Cardiovascular Institute of the South
Full-time
On-site
Houma, Louisiana, United States
Insurance/Real Estate

Who We Are:

Cardiovascular Institute of the South, a leading organization dedicated to advancing heart health through innovation and excellence, is part of a national cardiology platform, Cardiovascular Logistics (CVL). Together, we share the same mission to provide our patients with the highest quality cardiovascular care available. Join our team and be a part of an organization that is dedicated to improving patient outcomes and shaping the future of heart health.

What We Offer:

  • Choice of three health insurance plans
  • Dental insurance coverage
  • Vision insurance coverage401(k) with company match and profit-sharing plan
  • Company-paid short-term and long-term disability coverage
  • Company-paid life insurance for you and your family
  • Access to company-provided training and educational resources
  • Eligibility for annual merit-based performance increases
  • Accrued General Purpose Time (GPT)
  • Eight company-paid holidays
  • Special company events, including Christmas parties, Family Day, employee engagement activities, and Spirit Days
  • Complimentary Employee Assistance Program (EAP) for all employees and their dependents
About the Role
  • Serves as an Insurance Claims Specialist within the billing office.

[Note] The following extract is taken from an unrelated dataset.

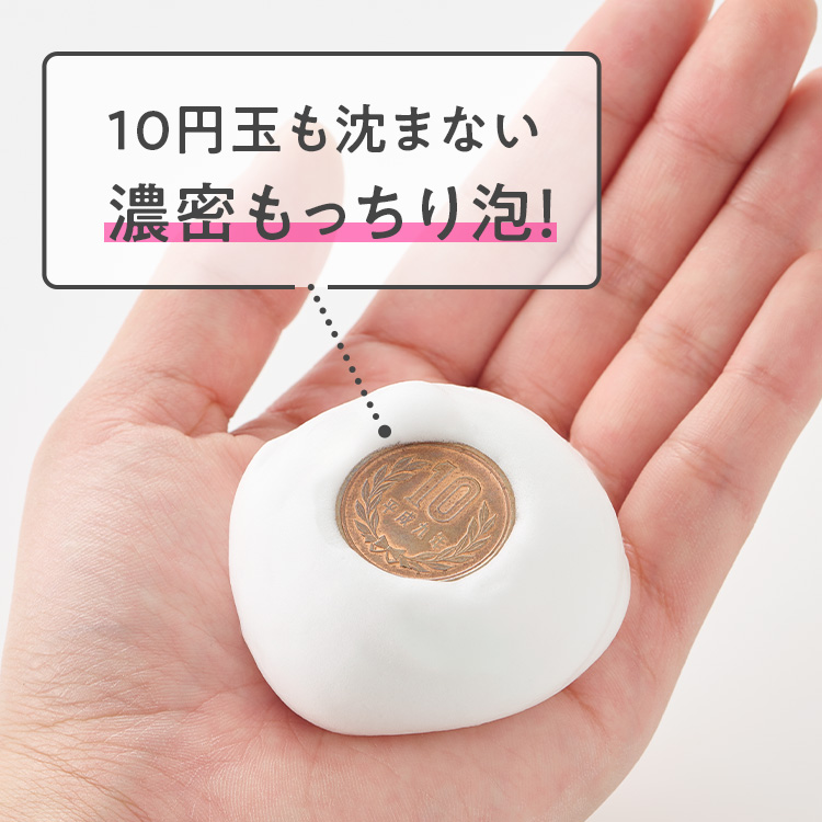 サッと水に溶けるパウダータイプで、泡立てネットを使えば濃密もっちり泡が簡単に完成! 10円玉を乗せても沈まないほどコシのある泡でこすらず洗えるから、摩擦レスで肌にストレスを与えません。
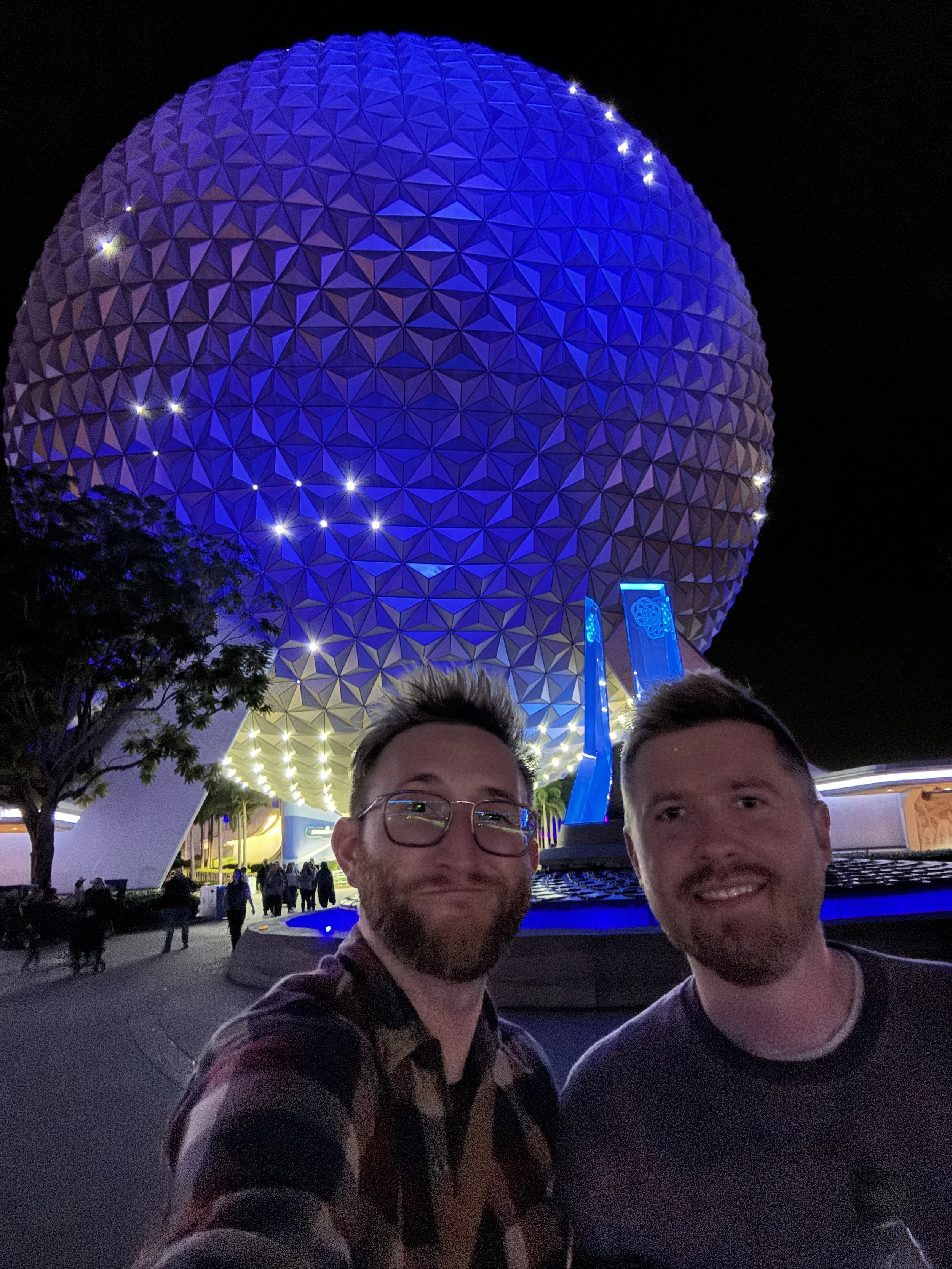 Adam planned a trip to Disney World with a secret agenda. The morning of the 31st started in EPCOT, where they spent the day walking around the World Showcase, visiting every country before finding themselves at a cozy steakhouse in Canada. After dinner, they made their way to the lake in search of the perfect spot for the midnight fireworks.

  • Responsible for managing insurance collections, working outstanding reports, handling audit logs, and addressing patient billing inquiries.

  • Plays a key role in ensuring timely and accurate insurance claim resolution and supporting the overall financial operations of CIS.

How You’ll Drive Our Mission Forward
  • Work daily on insurance collection accounts by correcting, refiling, or adjusting claims as needed.

  • Manage incoming mail, including refund requests and insurance information requests, ensuring timely and appropriate follow-up.

  • Stay current on insurance policy changes, coding guidelines (CPT, ICD, CCI, global), and payer-specific updates to ensure billing accuracy.

  • Respond to patient inquiries regarding billing and insurance matters with professionalism and clarity.

  • Regularly follow up on claims and work outstanding and credit balance reports to minimize revenue cycle delays.

  • Maintain detailed logs of audits, including pre-payment audits, supporting compliance and financial transparency.

  • Support CIS’s mission by performing any additional duties needed to ensure excellent service and operational success.

What Makes You a Great Match
  • High school graduate preferred.

  • Strong organizational and time management skills to handle multiple tasks efficiently.

  • Ability to work independently and prioritize responsibilities in a fast-paced environment.

  • Competency in computer systems, particularly those used for billing and insurance claims.

  • Experience with telephone collections is preferred but not required.

  • A proactive attitude and commitment to supporting CIS’s patient-first philosophy and operational goals.